There are no natural or inherent restrictions on the breadth or time scope of subject matter in an OLAP cube. By definition cubes only support exploration and analysis. They are not appropriate for decision support or decision automation.
Data Mart. A data mart is a schema that captures historical data for a single subject-matter area, such as employee expenses or accounts receivable. The subject-matter area may be narrow or broad, but (by definition) its scope must be markedly narrower than the entire enterprise. Like OLAP cubes, data marts are often the work product of business analysts outside of IT (“shadow IT”). The best structure for a data mart (on a traditional RDBMS such as SQL Server, Oracle, or PostgreSQL) is a star schema, or a collection of star schemas that collectively capture history for a single subject-matter area.
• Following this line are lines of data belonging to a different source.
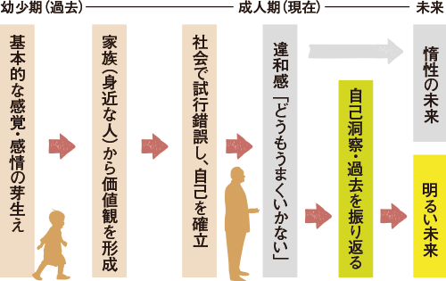 「過去」を振り返り、「現在」を観察し「未来」の新たな自分を築きます。これまでのさまざまな体験や生い立ちから、現在置かれている状況を見直し、自らの価値観、考えなどを深く再認識し、未来にどのような人生を創造するかを明確にしていきます。
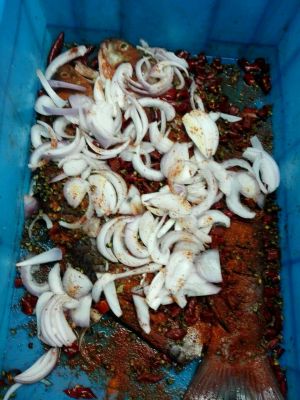 用洋葱,生姜,白酒,干辣椒,花椒,盐。注意 盐和花椒,辣椒需要在锅里炒热,出香味,腌制6小时
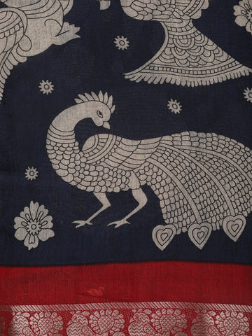 Navy Blue Kalamkari Peacock Printed Chanderi Cotton Saree with Maroon Zari Border
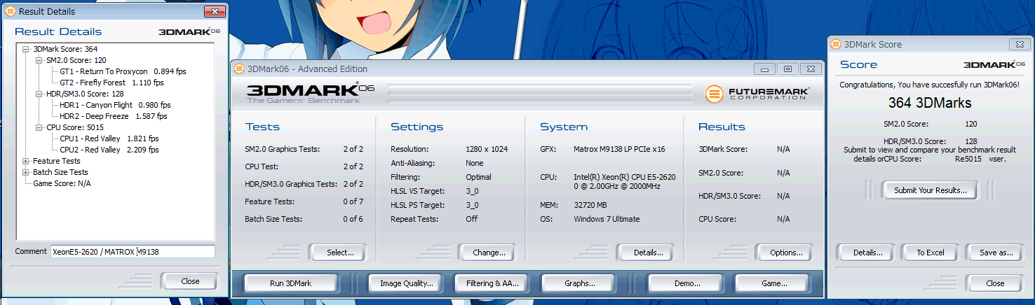 どうやら2D系ベンチだと「それなりに」高いスコアを出すらしいのですが、あえて開き直って3Dゲームやギャルゲー系をどっかんどっかんやってみました。
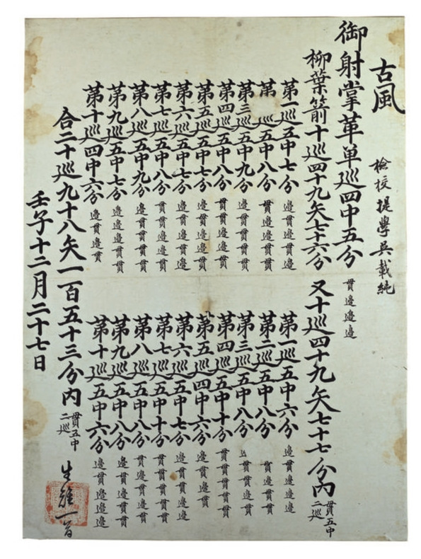 태조 이성계는 다섯 마리의 까마귀를 모두 맞히거나 담비 스무 마리를 모두 화살로 쏘아 맞혔다는 기록이 문헌에 남아있다. 정조 임금이 10순(50발)을 쏴서 49발을 맞히고 나머지 1발은 일부러 맞히지 않았다는 기록은 유명하다. 10순에 49발이면 한 순(5발)을 쏘면 평균 4.9발을 맞힌다는 뜻이다. 대한궁도협회의 승단 기준 중 가장 높은 9단이 9순(45발)중 39발이다. 한 순 기준 평균 4.3발을 맞히는 수준이다. 9단도 정조에겐 비빌 수가 없다.

A star schema consists of a central fact table together with a set of dimension tables to which the fact table joins. Basically, a fact tablerepresents a class of business events; each row represents a single event.[v] Each dimension table categorizes the facts in a fact table in a single way. Fact tables also record various measures (quantities) such as date of occurrence, numbers of line items, and price. Occasionally a fact table has no measures; such fact tables are called factless fact tables.
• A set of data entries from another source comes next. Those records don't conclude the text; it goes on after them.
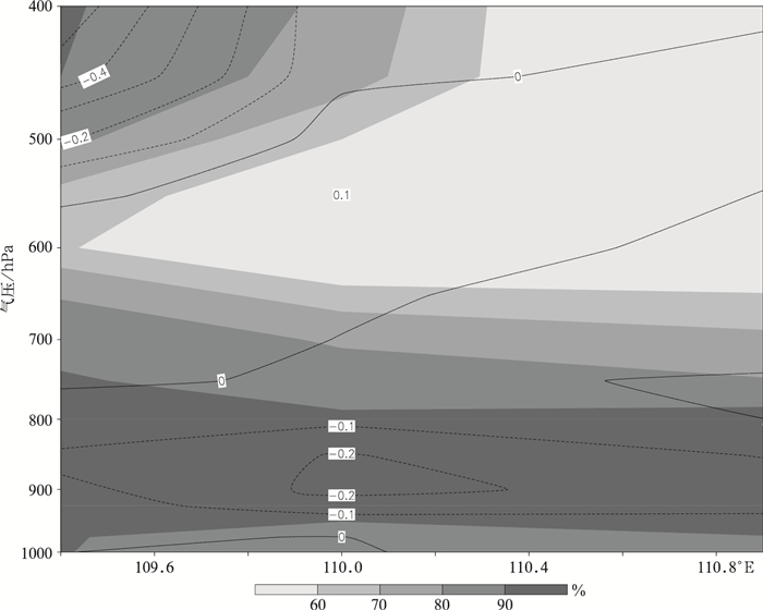 | 图8 2011年9月8日08:00沿28.45°N的垂直速度(等值线, 单位:Pa·s-1)和相对湿度(阴影)垂直剖面 Fig.8 The vertical section of vertical velocity(the contour, unit:Pa·s-1) and relative humidity(the shaded) along 28.45°N at 0800 BT 8 Sep 2011 | |
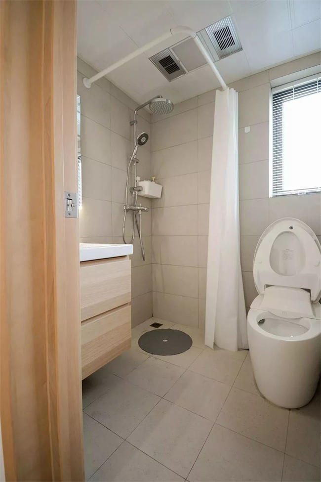 ▲ 浴簾是最簡單的干濕分離設計,最經(jīng)濟實惠,但是要注意下水坡度的設計。
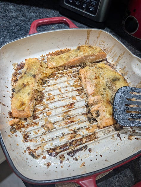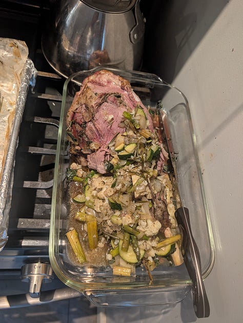 Nana asked me to cook a leg of lamb for her this week, so that was probably my most exciting meal, but there were a few other fun ones, like some panko crusted salmon and some yummy veggies.
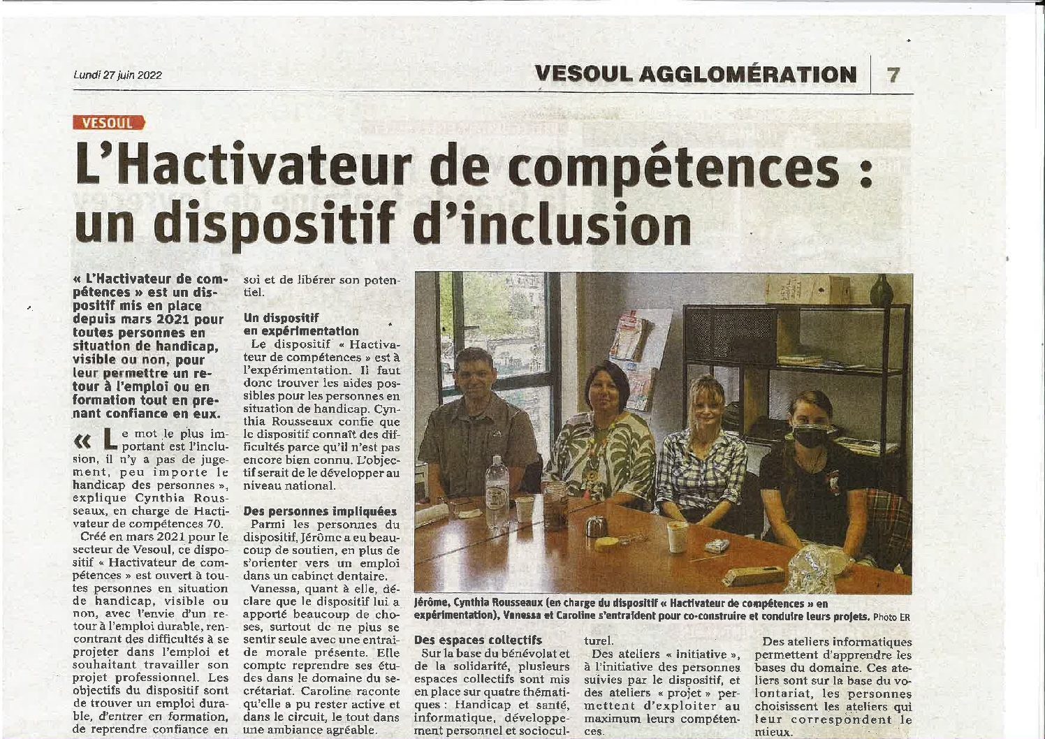 L’Hactivateur de compétences, porté par CAP EMPLOI, est mis en place depuis mars 2021. Il permet un retour à l’emploi ou en formation aux personnes en situation de handicap ou non et leur permet de retrouver confiance en eux.

For example, a sales-transaction line item might conceptually be represented by the following 11-tuple:
(date, location, product, customer,
quantity, nominal price, discount rate, discounted price, tax rate, tax amount, total amount)
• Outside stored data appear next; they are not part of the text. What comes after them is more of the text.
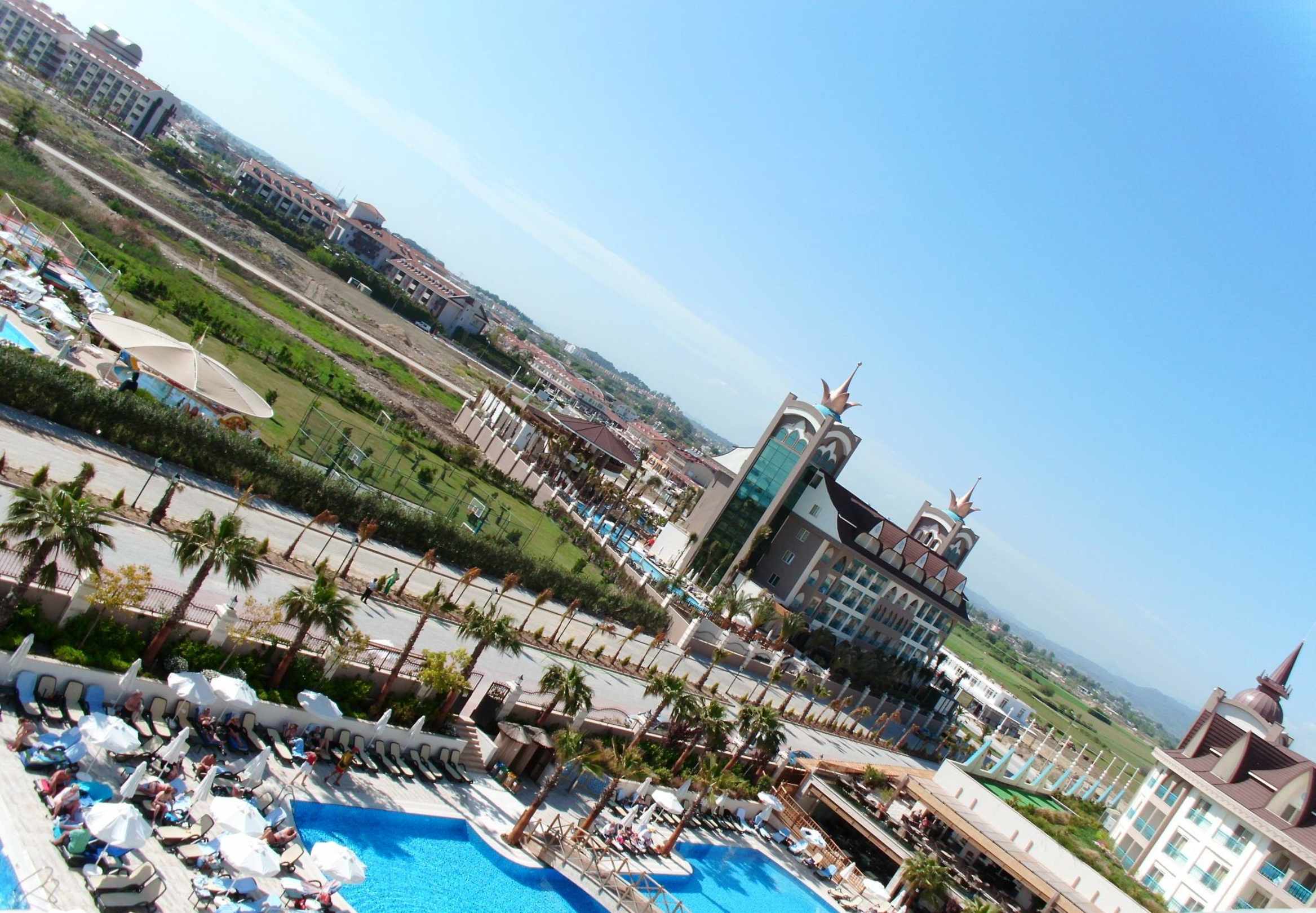Zimmerausblick auf Pool und den Crown Select
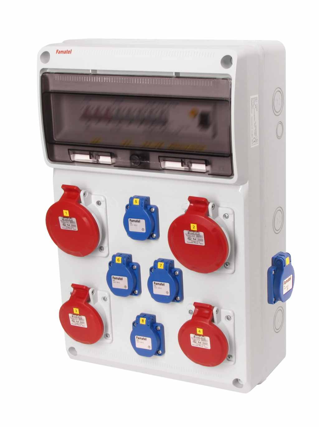 Zásuvková skříň FAMATEL v3050-6kA - ZSF60202000.1 /3952 IP44 jištěná s chráničem 40/4/003, zásuvky 6x230V, 2x16/5, 2x32/5, přístroje EATON 6kA: 3xPL6-B16/1, 1xPL6-B16/3, 1xPL6-B32/3, PF6-40/4/003 na vstupu, použité pouzdro: 3952 - 500x330x155mm, barva: světle šedá.
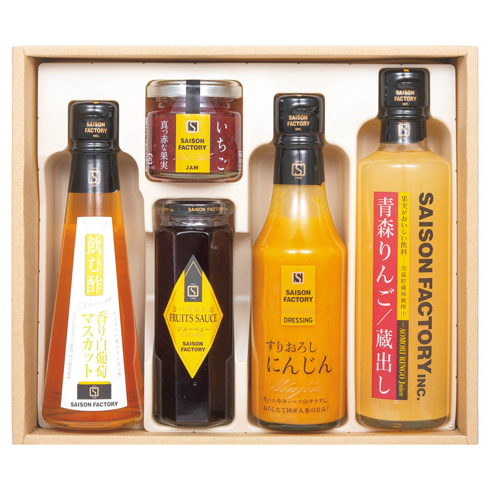 飲む酢マスカット 160ml、リッチスタイルジャムいちご 70g、フルーツソースブルーベリー 140g、リッチスタイルドレッシングにんじん 180ml、りんごジュース 270g
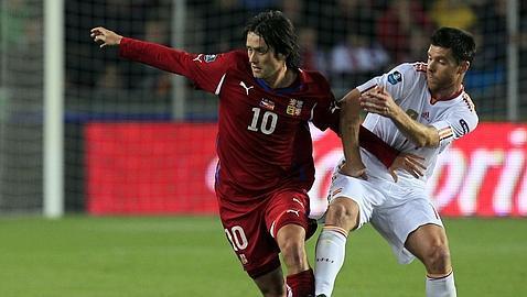 Xabi Alonso padece "una fuerte contusión en la cara interior de la pierna izquierda" tras la durísima entrada que sufrió por parte del checo Tomas Hübschman. "Queda pendiente de evolución", afirmaron fuentes de la selección española. El tolosarra fue el autor del segundo gol del combinado español, aún en la primera mitad.
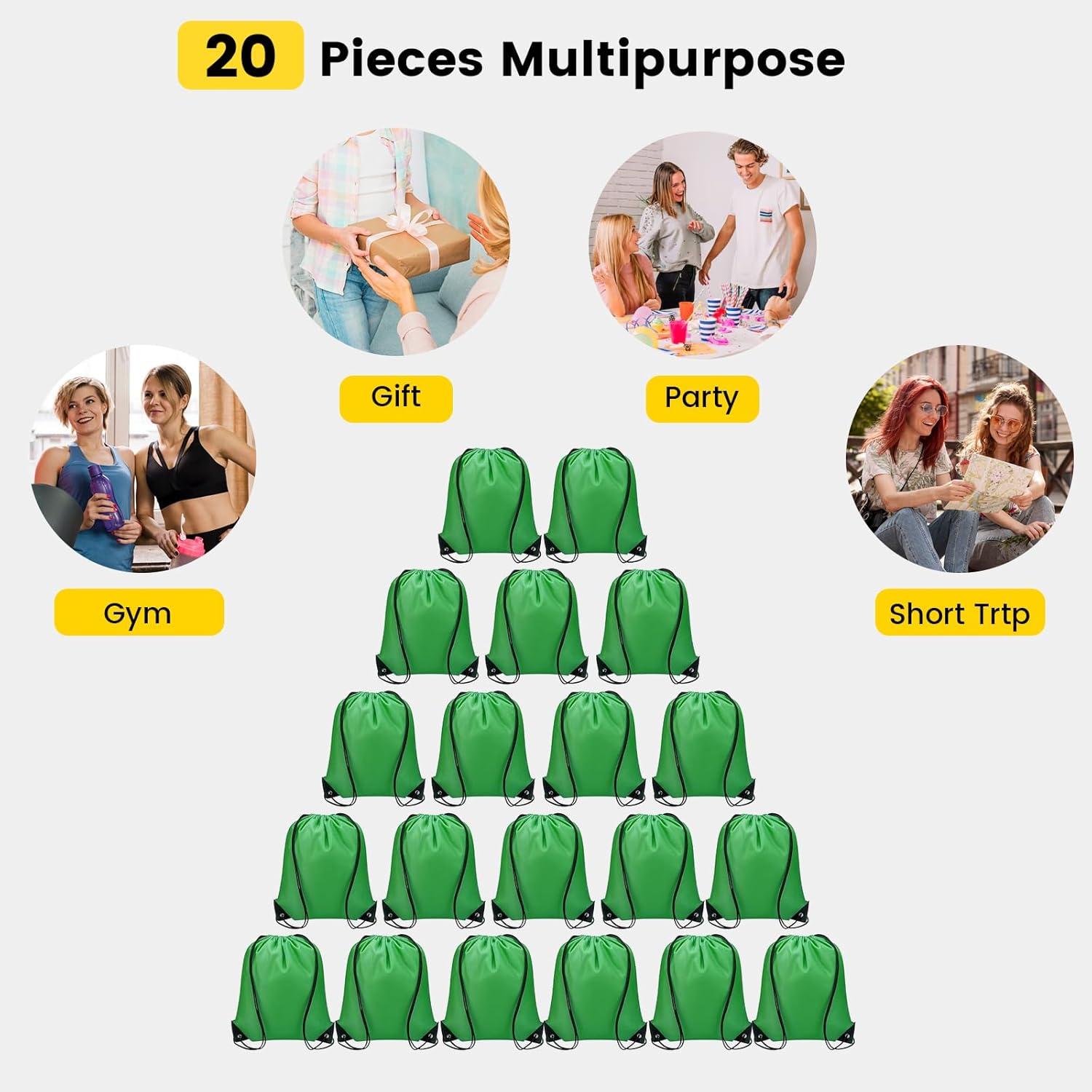Vorspack Drawstring Backpacks Bulk 20 Pieces String Bags Customized Bags for Party Gym Sport Trip – Black(Green)

In a flat file or OLAP cube, each row would contain one of these 11-tuples, with each value expressed literally: dates in a fixed format; locations, products, and customers identified by some natural key (represented as a string); and the remaining values as numbers. In a fact table, the first four values categorize a sales line item, so they become foreign-key columns joining to dimension tables. The measures (in italics) would remain numbers. Figure 2 represents this star schema graphically; Figure 3 contains notional create-table statements for the tables in the star schema.
create table date_dim
create table location_dim
create table customer_dim
create table product_dim
create table sales_line_item_fact
Figure 3: Notional Create-Table Statements for Sample Star Schema
The table definitions in Figure 3 gloss many technical issues that we’ll discuss in subsequent posts.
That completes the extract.